Sat, 21 Nov 1998

Government mulls 'rewards' for unexploited oil, gas fields

JAKARTA (JP): The government is considering offering incentives to encourage production of oil and gas fields with small proven reserves, Minister of Mines and Energy Kuntoro Mangkusubroto said on Friday.

"There are many marginal oil and gas fields left unexploited; maybe because our policies, (including) our tax policies, aren't conducive enough," Kuntoro said at a weekly media conference.

He said the government would hold a seminar in February next year to get feedback from the industry concerning the incentives as it expected to formulate an incentive package by mid-1999.

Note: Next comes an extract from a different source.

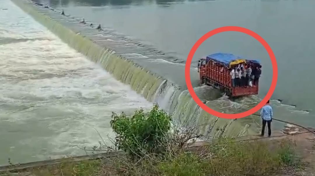वीडियो फुटेज में साफ देखा जा सकता है कि किस तरह तेज बहाव के बीच ट्रक धीरे-धीरे पानी में उतरता है और लोग दहशत के बावजूद उसमें सवार हैं।

Incentives for marginal fields have long been called for by the oil and gas industry as a means to increase the country's oil output.

Leon Codron, president and resident manager of Atlantic Richfield Indonesia Inc. (ARII), a subsidiary of the United States' Atlantic Richfield Co. (ARCO), said on Thursday that some half a billion barrels of known oil reserves in Indonesia were sitting in fields currently too small for viable development.

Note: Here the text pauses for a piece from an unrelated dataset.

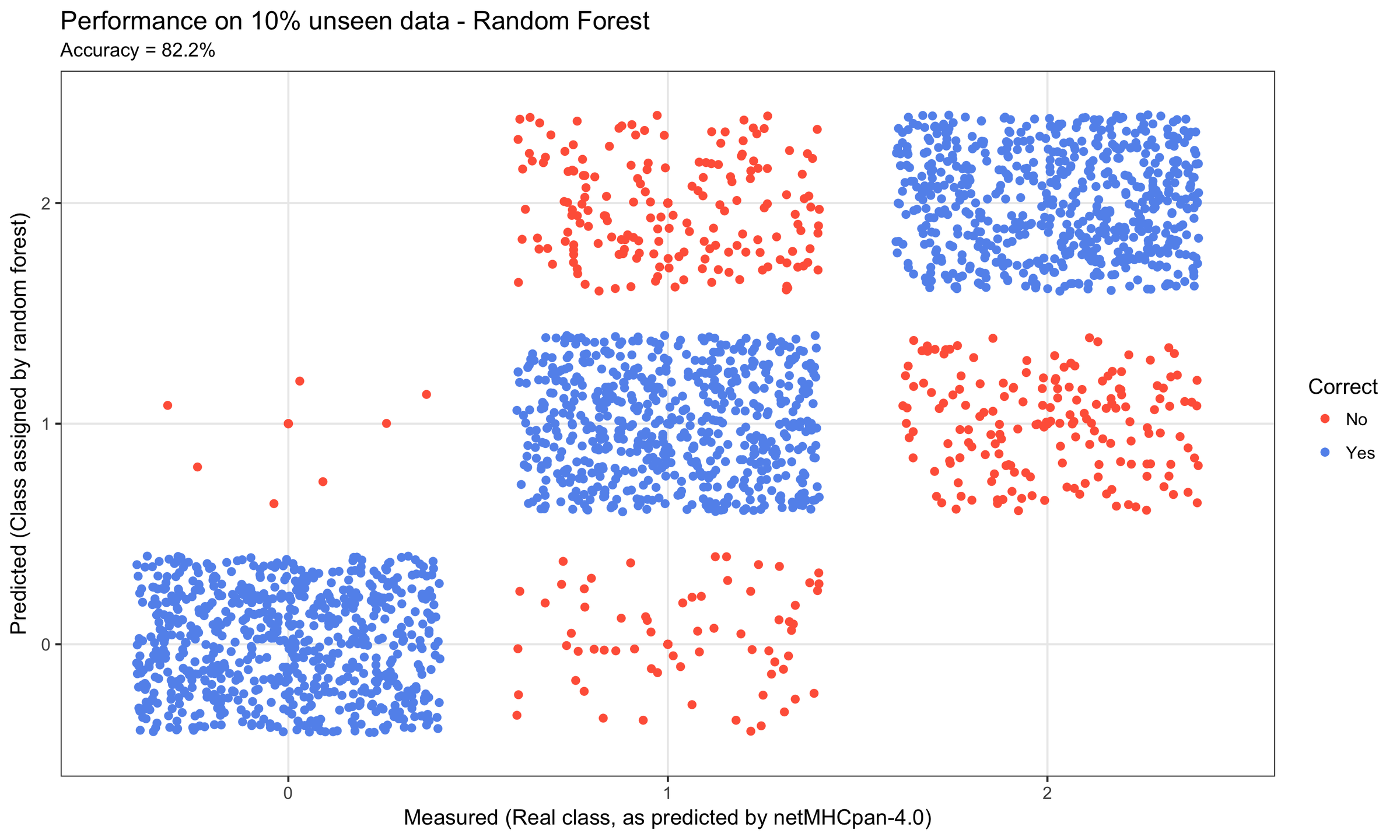 . 10% of the data points were randomly assigned as test data and the remainder as train data. It should be noted that since the data set originates from a model, the outcome of this particular use case will be a model of a model. However, netMHCpan is very accurate (96.5% of natural ligands are identified at a very high specificity 98.5%).

"Economic incentives in the form of interest-cost recovery on unrecovered capital, investment credits and domestic market holidays on oil are needed to make investment in these identified oil sources more attractive," Codron said at a discussion during the two-day Indonesia Forum international seminar.

State oil and gas company Pertamina has launched several incentive packages since the early 1990s to encourage oil and gas exploration in frontier areas and deep-water areas, particularly in eastern Indonesia, and the use of tertiary enhanced oil recovery (EOR) technology.

Under the packages, the government reduces its share in the contractors' oil output to between 65 percent and 75 percent from 85 percent for conventional areas, and cuts its share of their gas output to between 55 percent and 65 percent from 70 percent for conventional areas.

But Pertamina has not yet introduced any incentives for the exploitation of marginal fields.

Analysts believe Pertamina is reluctant to launch the incentives out of fear that the incentives would reduce the government's earnings from the fields. (jsk)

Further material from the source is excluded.